Proprio perché il volto è rivelatore della fitness, esso può essere guidato a ingannare dando false informazioni sulle qualità che sottende. Il truccarsi ha dunque una funzione ambivalente; può esaltare quelle parti del viso che maggiormente danno conto di sé stessi. Gli occhi e le labbra ne sono fortemente indicatori, il metterli in evidenza attraverso tinture raffinate può porre il possibile interlocutore in uno stato d’animo più fiducioso; in un certo senso il trucco diventa una sorta di handicap a cui ci si sottopone per rendere più credibile la propria fitness. Questo tuttavia non protegge dall’altrui inganno in quanto il trucco può mascherare difetti, rendere meno leggibile l’età, disorientare il partner convincendolo di una fitness che ha consistenza meno elevata di quello che si proclama. Vengono così attivate informazioni manipolative che rendono complessa la partita che ciascuno è costretto a giocare sul piano della riproduzione e della sopravvivenza.
Questi meccanismi ingannevoli non sono un requisito specifico dell’uomo, ma appaiono diffusamente presenti sia nel mondo animale sia in quello vegetale. I processi che essi sottendono vanno ricercati sia nella spinta alla sopravvivenza - e in tal senso si svolgono sotto l’azione della selezione naturale - sia in comportamenti legati alla scelta del partner, al corteggiamento, alla riproduzione, e sotto tale aspetto sono guidati dalla selezione sessuale.
Si resta stupiti e sconcertati dalla cura dei particolari che alcune forme di criptismo e di mimetismo sono in grado di presentare. Si può vedere un rametto secco o una foglia: in realtà, quelli che si è presunti essere tali, si sottraggono allo sguardo di chi li sta osservando e guadagnano velocemente un’altra posizione ingannevole in qualche altro luogo della pianta. Fiori dai colori rosati si rivelano essere delle mantidi insettivore (Hymenopus coronatus) in paziente attesa delle prede; altrove, altre mantidi (Idolum diabolicum) assumono le sembianze di petali variopinti. Ma attraverso quali processi si sono potute concretizzare forme mimetiche così mirabilmente ingannevoli? È documentato che il cambiamento evolutivo si realizza in tempi lunghi attraverso tappe graduali che possono svolgersi in milioni di anni. Esistono comunque processi di trasformazione che sotto la spinta della selezione sessuale si attuano in maniera galoppante in qualche migliaio di anni, dando luogo a caratteri e comportamenti di notevole complessità. La rapidità che caratterizza tali processi è dovuta al fatto che essi si svolgono sotto la pressione attiva dei partner che agiscono scegliendosi reciprocamente, anche se nella maggior parte degli animali è la femmina che attua la scelta preferenziale. In ogni caso viene incrementata così la frequenza, alla generazione successiva, dei geni per un determinato carattere e, insieme, delle preferenze per esso. Se gli individui, a seconda della specie di appartenenza, traggono una sensazione piacevole di fronte, ad esempio, a un particolare fiore molto appetito per il suo contenuto di nettare o a un frutto dal colore forte, come una mela rossa, ecco allora che se il partner è nella condizione di assumere elementi di colorazione o di forma che in qualche modo ricordano tali sostanze, esso può suscitare un maggiore interesse da parte dell’altro partner, in genere la femmina, e essere scelto in modo preferenziale. I loro figli erediteranno tali caratteristiche insieme alla particolare sensibilità o preferenza verso di esse. Tutto ciò scatena un meccanismo galoppante che può dare conto dell’affermarsi in tempi relativamente brevi dell’affermazione di tali caratteri. Il didietro rosso dei babbuini è forse frutto della sensazione di piacevolezza che nei loro antenati aveva suscitato la vista di una mela dai colori analoghi.

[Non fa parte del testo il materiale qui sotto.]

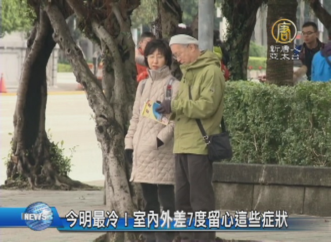 【新唐人亞太台 2016 年 12 月 15 日訊】冷氣團報到,各地幾乎都破入冬以來低溫,今天淡水清晨只有15度,台北街頭最低溫來到14度。預計這波冷氣團影響最明顯的時間,是落在今明兩天,將下探13度。而星期六開始冷氣團減弱,一直到下星期,各地氣溫都會明顯回升。另外,衛福部說,研究指出室內、外溫度差7度以上,容易誘發氣喘和過敏,所以,提醒敏感族群的觀眾朋友,這幾天可以多選擇室內運動,也可以用55度熱水清洗寢具,防止塵蟎生長。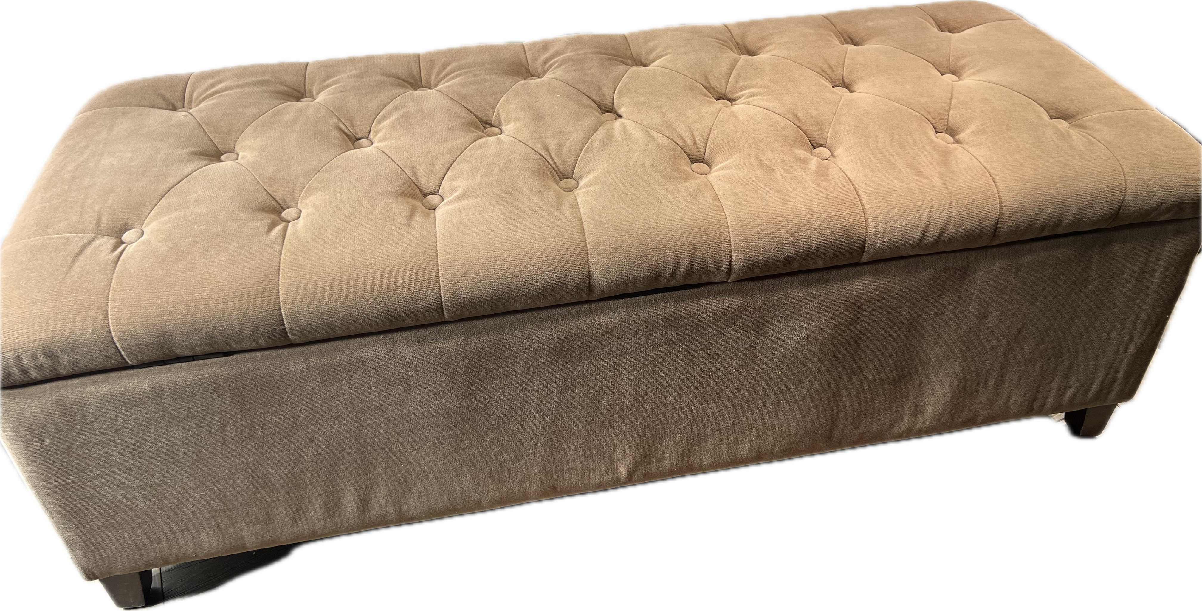 Beige tufted button storage bench.

In altri casi, sembra che si faccia di tutto per mettersi in evidenza, rivestendosi di colorazioni vistose, indicate come aposematiche, in cui il rosso si alterna al nero o al giallo. I protagonisti sono in genere individui in grado di elaborare sostanze che li rendono fortemente inappetibili: con il loro esuberante aspetto segnalano al potenziale predatore la loro non appetibilità. I processi selettivi attraverso cui tali colorazioni si sono potute realizzare possono essere ricercati in un complesso gioco in cui chi invia il messaggio e chi lo riceve devono imparare a comprendersi. Se il fenomeno lo si legge lungo la scala del tempo, è difficile stabilire se la non appetibilità sia comparsa insieme all’appropriazione di un abito vistoso. Dal momento che la caleidoscopica varietà di odori, suoni, colori che si osserva in natura è in genere connessa alla selezione sessuale, si può ipotizzare che anche in questo caso le colorazioni vistose dei soggetti inappetibili possano essere il frutto di abiti nuziali che si sono potuti mantenere attraverso la comparsa della non appetibilità, in quanto ciò ha loro conferito un valore aggiuntivo di protezione. Altri soggetti simili nell’aspetto a quelli dal sapore disgustoso, ma senza questa caratteristica o che se ne sono privati successivamente, hanno ricevuto una protezione (il fenomeno è detto mimetismo batesiano), come può succedere a chi, inosservato, si ripari dalla pioggia sfruttando un ombrello occasionale che una previdente persona non ha trascurato di portare con sé.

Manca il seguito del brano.